One of Those Nightmares
She bought the software on a Thursday. On Friday, she bought the Installation Service. Normally, I’d expect to spend about 2 hours in tech support for the software purchase, and about 4 hours on the installation service. Reasonable for the cost of the two items.
I had the initial part of the work done within a few hours, while juggling it with other things. Then we ran into an issue with her hosting account. She was using a Reseller Account, and we were installing Automation software. The server had a setting which was incompatible with our system. She asked the host to change it. They said they did. But it wasn’t changed. She asked again. They asked which site she wanted it changed for. She said all of them – she needed new accounts to have that setting automatically. They said, “This setting has the name ‘protection’ in it. It exists to protect the server, if we turn it off, something will be unprotected.”
So their final answer was, “no, we can’t change this setting, because it exists, and says protection, so we have to leave it on.” Never mind that the setting doesn’t really protect anything serious, and that situations under which it would be an issue are very isolated. Every hosting company we have ever dealt with, up to this one, has had this setting off. This company left it on, out of paranoia, not out of any understanding of what it actually was. The weekend occurred during the exchange. By the time they concluded this, we were four days into things.
So she had to move hosts. She moved to our hosting – she got better help doing so that way, and we KNEW the software would all work there. Moving the sites took a day.
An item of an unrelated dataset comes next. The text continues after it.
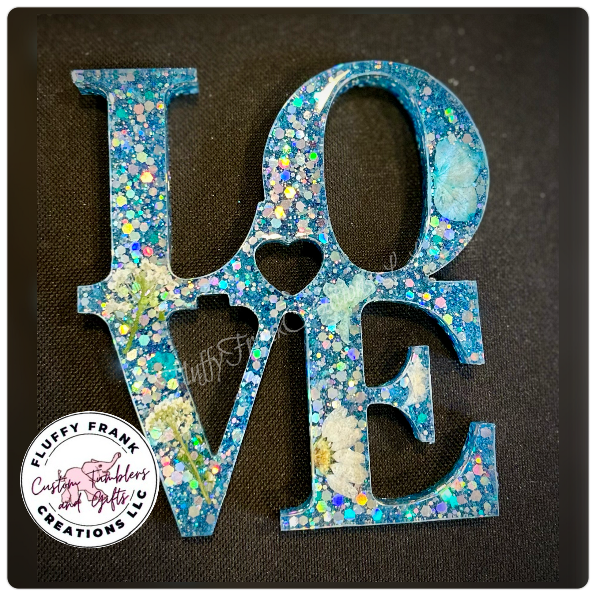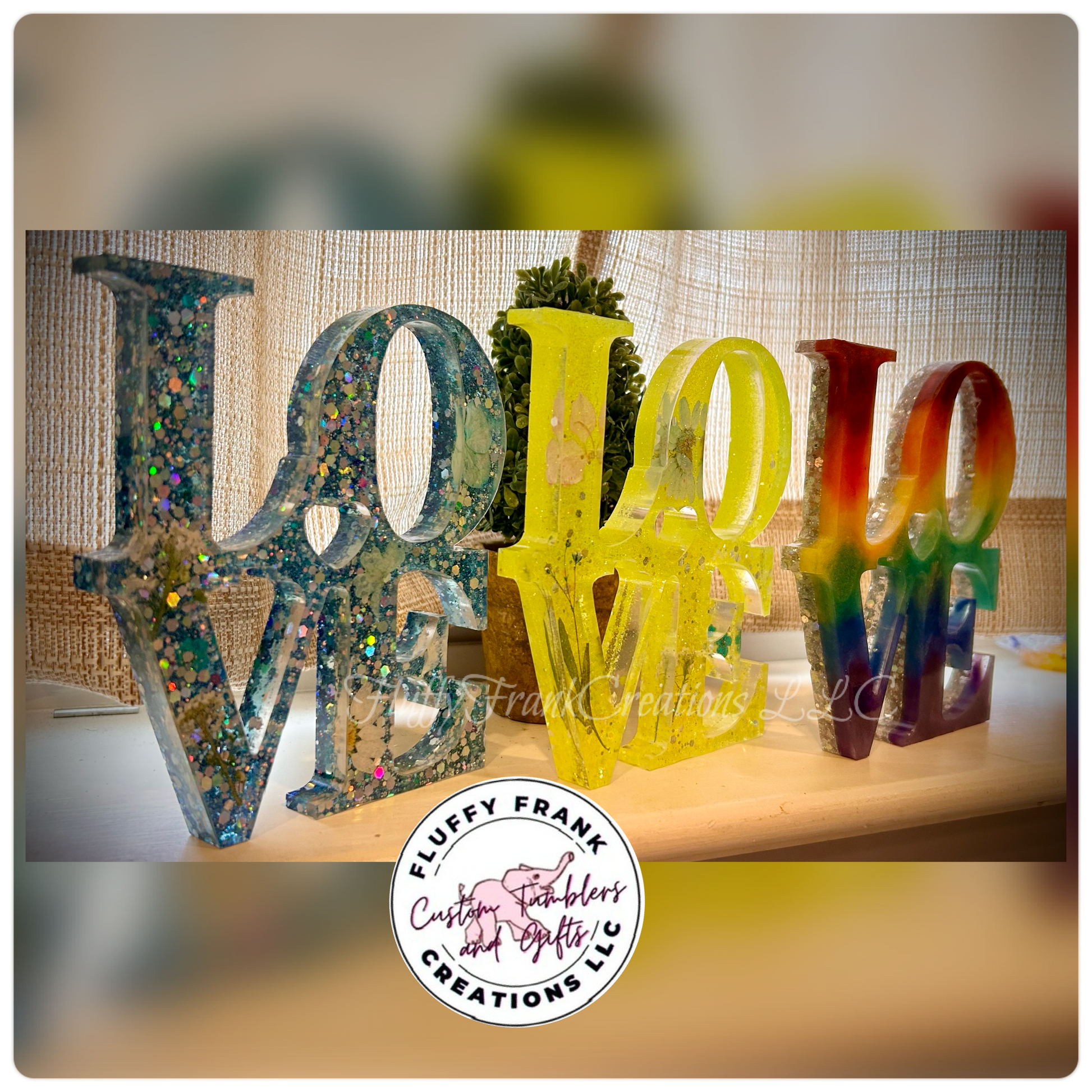 Made from high-quality resin - the LOVE lettering is 4.75” tall and 4”i wide. It's thick at 1/2” deep Each piece is handmade and hand poured in our studio using only the finest quality epoxy resin. This sign is perfect to place inside of your home on a coffee table, or to highlight family photos

We had to change all of the file settings on the files since the old host required different settings than ours. When we did so, we found there were also a series of file ownership problems – we had to have support reset those on all of the sites, then we were able to reset the file permissions.
Then we had to reset her domain nameserver IPs. Turns out her old host had the domain name, and she had no controls for it. He promised to set them. They took a LONG time to resolve. She could not check them, or change them. So she moved the domain to HER reseller account in eNom. When she did so, ALL of her domain settings were lost. And eNom did not want to help her reset them. Two more days were lost.
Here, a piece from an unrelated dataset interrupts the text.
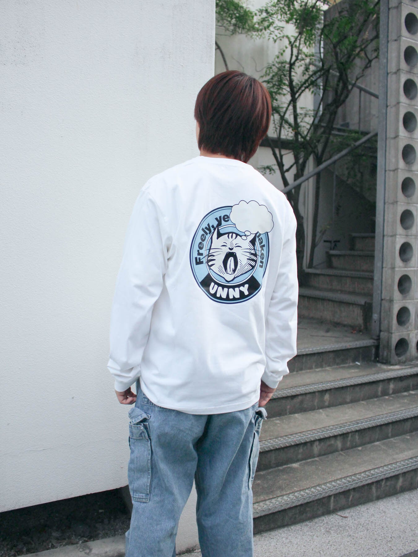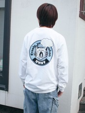 バックにグラフィックデザインをプリントしたロングスリーブTシャツ。

We were trying to move the SSL certificate, but since the domain names were not resolving, that wasn’t working either. She also had bought a new SSL certificate (she did not like the way the old one displayed), and she bought a business verified one. Then she could not verify the business entity, because she is a sole proprietor with a DBA that is unregistered (this is legal in many places). So she had to ask for a refund and buy another one. We went the “quick” way, ordering it through our hosting supplier. But then we could not verify the Whois info, because she had Private Registration turned on. Her domain name, at eNom, could not be changed, and she was unable to access support from eNom, because they kept telling her she was not a reseller. We tried several tactics, a few workarounds, all of which deadended.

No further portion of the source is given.